» EXERCISE BRIEF
Starting with the first line below, extract each line through the one that contains "(2)通過對比分析可以看到,如果該企業(yè)不進行套期", inclusive, excluding pictures.
(RECORDED DATA Opens)
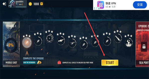 2、在战役关卡页,点击START按钮,进入武器选择界面,准备配置战斗装备。
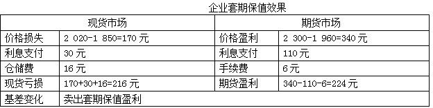 (2)通過對比分析可以看到,如果該企業(yè)不進行套期保值,那么現(xiàn)貨購銷價格虧損為216元/噸,5萬噸總計虧損1080萬元;由于企業(yè)進行了套期保值,最終反而實現(xiàn)盈利224-216=8元/噸,5萬噸總計盈利40萬元。
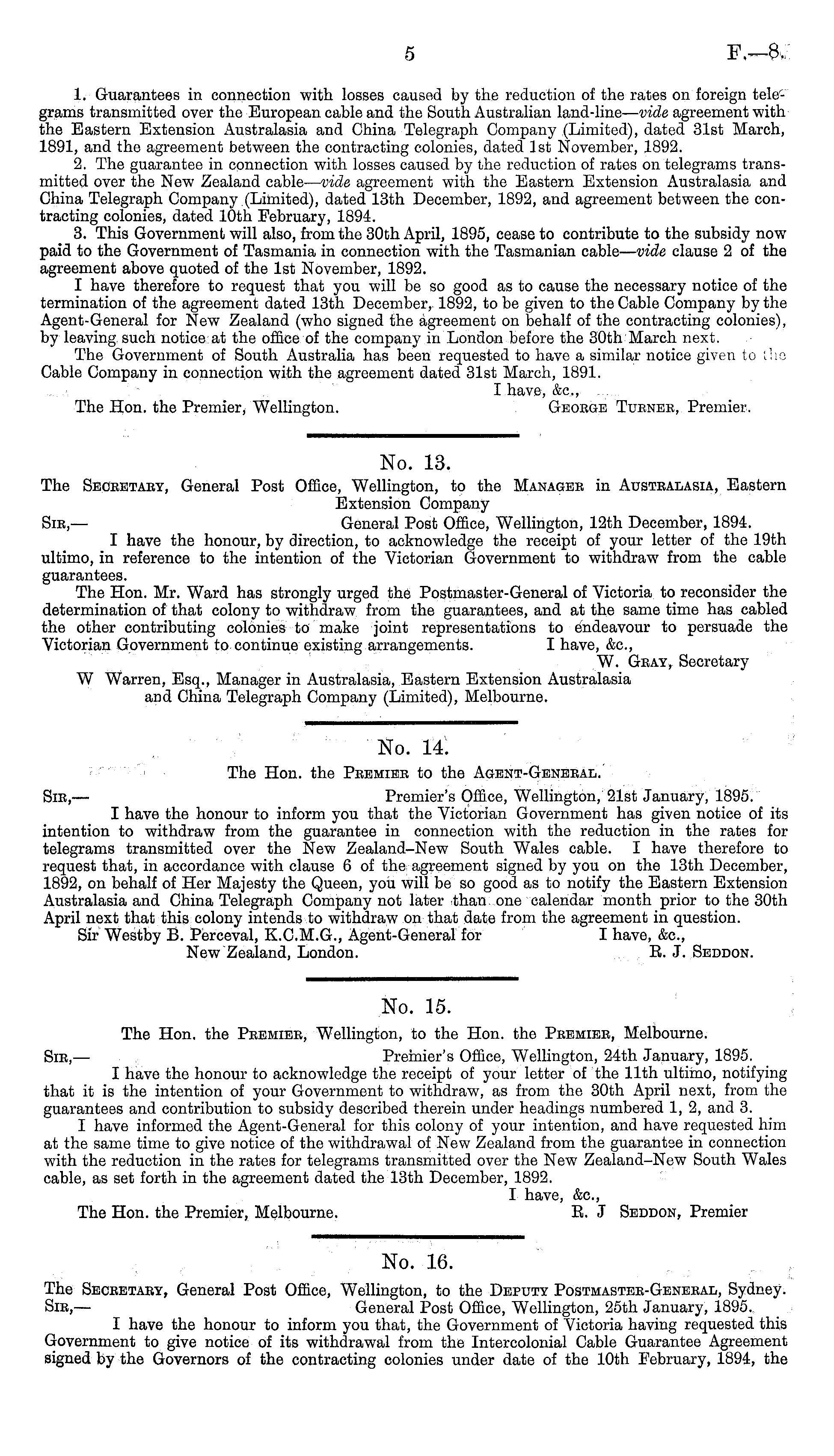 No. 15. The Hon. the Peemiee, Wellington, to the Hon. the Peemiee, Melbourne. Sib, — Premier's Office, Wellington, 24th January, 1895. I have the honour to acknowledge the receipt of your letter of the 11th ultimo, notifying that it is the intention of your Government to withdraw, as from the 30th April next, from the guarantees and contribution to subsidy described therein under headings numbered 1, 2, and 3. I have informed the Agent-General for this colony of your intention, and have requested him at the same time to give notice of the withdrawal of New Zealand from the guarantee in connection with the reduction in the rates for telegrams transmitted over the New Zealand-New South Wales cable, as set forth in the agreement dated the 13th December, 1892. I have, &c, The Hon. the Premier, Melbourne. E. J Seddon, Premier
(RECORDED DATA Closes)
» TASK ANSWER
 2、在战役关卡页,点击START按钮,进入武器选择界面,准备配置战斗装备。
 (2)通過對比分析可以看到,如果該企業(yè)不進行套期保值,那么現(xiàn)貨購銷價格虧損為216元/噸,5萬噸總計虧損1080萬元;由于企業(yè)進行了套期保值,最終反而實現(xiàn)盈利224-216=8元/噸,5萬噸總計盈利40萬元。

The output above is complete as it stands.